**Exercise objective:**
Starting with the first line of the listing, quote each line exactly until and including the one with "2016年3月23日下午一点", leaving pictures out.

**Supplied data:**

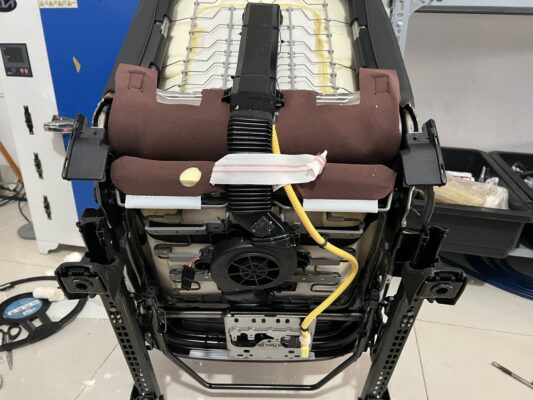 - Lắp quạt làm mát vào bên dưới ghế và đưa ống dẫn gió lên lưng ghế.
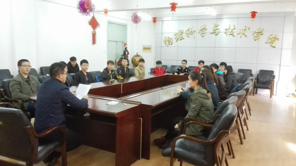 2016年3月23日下午一点整,物理科学与技术学院2015级学生干部座谈会在实验楼会议室顺利召开,参加本次会议的有院团委书记王吉老师以及15级全体学生干部。
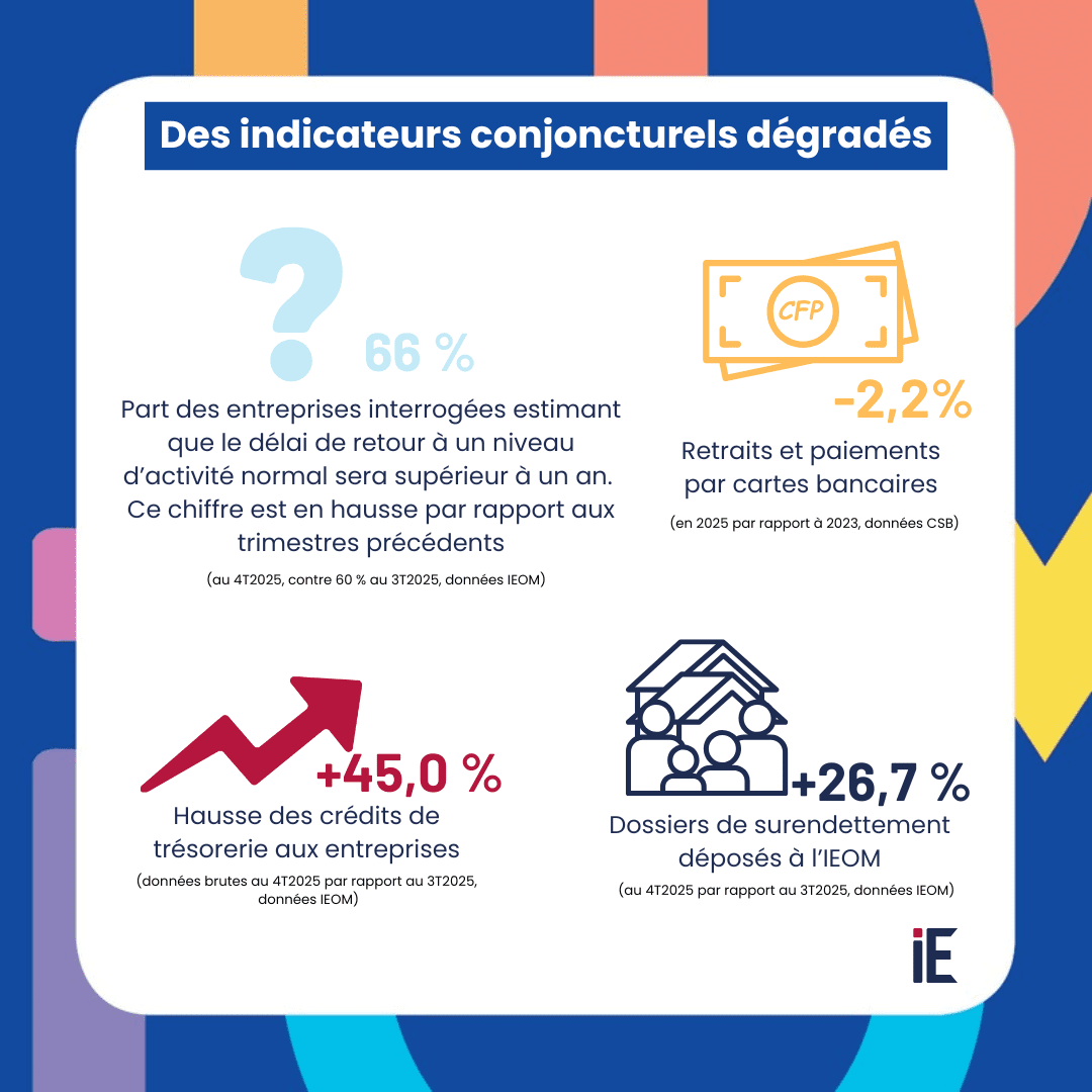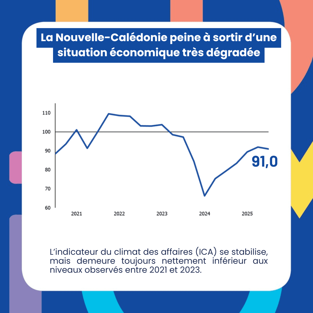 Les répercussions des émeutes de mai 2024 demeurent perceptibles et continuent d’affecter une large part du tissu économique calédonien. Si certains indicateurs s’améliorent (extraction minière notamment), d’autres restent durablement dégradés et traduisent un manque de perspectives : la consommation des ménages n’a pas retrouvé son niveau de 2023, les défaillances d’entreprises sont en hausse en 2025, et de nombreux secteurs se trouvent en grande difficulté.

**Response:**
 - Lắp quạt làm mát vào bên dưới ghế và đưa ống dẫn gió lên lưng ghế.
 2016年3月23日下午一点整,物理科学与技术学院2015级学生干部座谈会在实验楼会议室顺利召开,参加本次会议的有院团委书记王吉老师以及15级全体学生干部。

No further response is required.